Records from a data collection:

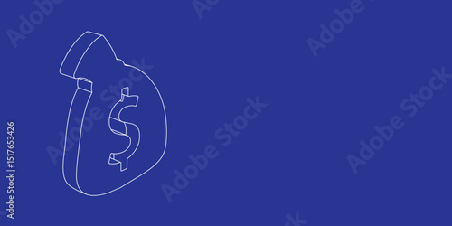 The outline of a large bag of money symbol made of white lines on the left. 3D view of the object in perspective. Vector illustration on indigo background
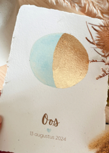 Een cadeau dat speciaal voor de baby is gemaakt, scoort altijd punten. Denk bijvoorbeeld aan een gepersonaliseerde maanstandposter met de exacte stand van de maan op de geboortedag van de baby. Wat het extra leuk maakt is dat jij het ontwerp samensteld. De kleur voor de maan kies je uit maar ook het lettertype voor de naam van het kindje. Daarnaast maken we de ontwerpen op verschillende soorten papier en met lijst. Extra bijzonder is het handgeschilderde ontwerp.
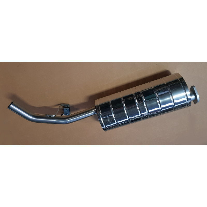 Silencieux arrière à absorption avec tube de sortie. 100% inox, sonorité, performances. Kit de montage fourni.
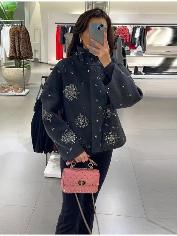 2025 Autumn And Winter New Women's Fashion Commuting Single Buckle Heavy Industry Lead Beads Hair Coat Women
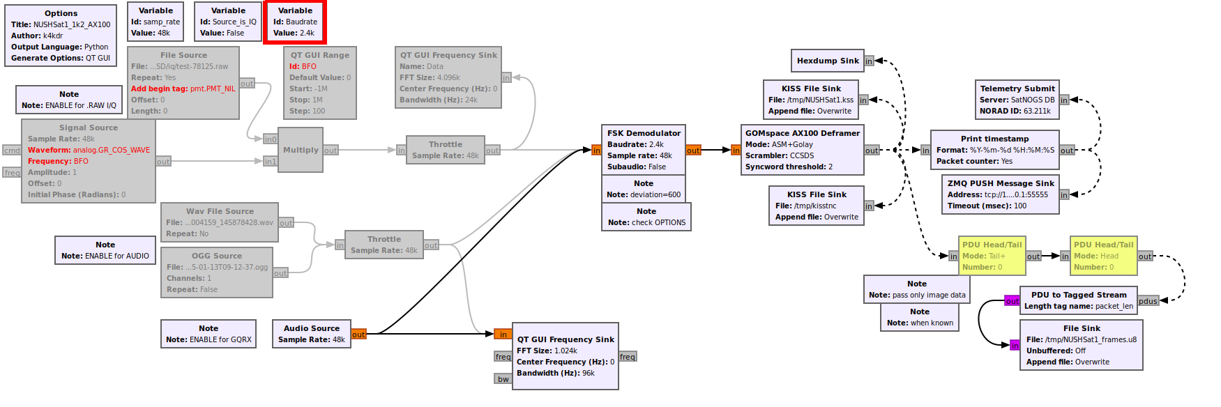 Note that in GQRX, as always, I increased the size of the RF passband to visually be a hair wider than the observed packet and also increased the audio output bandwidth from 2.5k to 5.0k. Here is that flowgraph which outputs to the SatNogs DB as well as various apps such as Direwolf to give me my preferred visual display of decodes here on the screen. I also have it ready to strip the header & checksum bytes from your packets to save image downloads to a binary file. I hope that helps!
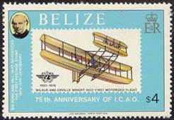 30 July 1979 - Belize - 100th Anniversary of Sir Rowland Hill death and 75th anniversary of the first powered flight Wright Flyer I and ICAO emblem. The designer of this stamp included the ICAO emblem, with the text: 75th ANNIVERSARY OF I.C.A.O. Belize inadvertently confused the 75th anniversary of the Wright brothers’ triumph on 17 December 1903, with ICAO which, even today, has not yet reached such a milestone.
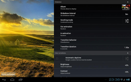 You can use Slideshow HD Live Wallpaper both as live wallpaper and regular app. You can customize slideshow modes, timings, in/out transition effects, transition time, order and more! You can apply color corrections to adjust brightness, contrast and saturation of your photos. You can even use a special daytime feature to simulate automatic daytime (Google Location Service must be enabled).
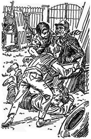 This illustration (Harry Kane's illustration on left, Roger Hall's illustration on right) shows the boys struggling with Jeeters after he tries to take the screaming clock from them.
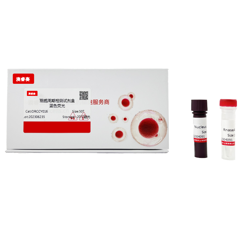 细胞周期检测试剂盒是利用细胞内DNA能够和荧光染料结合的特性,细胞各个时期其 DNA含量不同从而结合的荧光染料不同,流式细胞仪检测的荧光强度也不一样来检测细胞周期。

# Task description
The lines from the start of the data through the line that contains "Note that in" are to be returned exactly, please, with both ends included and every picture left out.

# Solution to the problem
 The outline of a large bag of money symbol made of white lines on the left. 3D view of the object in perspective. Vector illustration on indigo background
 Een cadeau dat speciaal voor de baby is gemaakt, scoort altijd punten. Denk bijvoorbeeld aan een gepersonaliseerde maanstandposter met de exacte stand van de maan op de geboortedag van de baby. Wat het extra leuk maakt is dat jij het ontwerp samensteld. De kleur voor de maan kies je uit maar ook het lettertype voor de naam van het kindje. Daarnaast maken we de ontwerpen op verschillende soorten papier en met lijst. Extra bijzonder is het handgeschilderde ontwerp.
 Silencieux arrière à absorption avec tube de sortie. 100% inox, sonorité, performances. Kit de montage fourni.
 2025 Autumn And Winter New Women's Fashion Commuting Single Buckle Heavy Industry Lead Beads Hair Coat Women
 Note that in GQRX, as always, I increased the size of the RF passband to visually be a hair wider than the observed packet and also increased the audio output bandwidth from 2.5k to 5.0k. Here is that flowgraph which outputs to the SatNogs DB as well as various apps such as Direwolf to give me my preferred visual display of decodes here on the screen. I also have it ready to strip the header & checksum bytes from your packets to save image downloads to a binary file. I hope that helps!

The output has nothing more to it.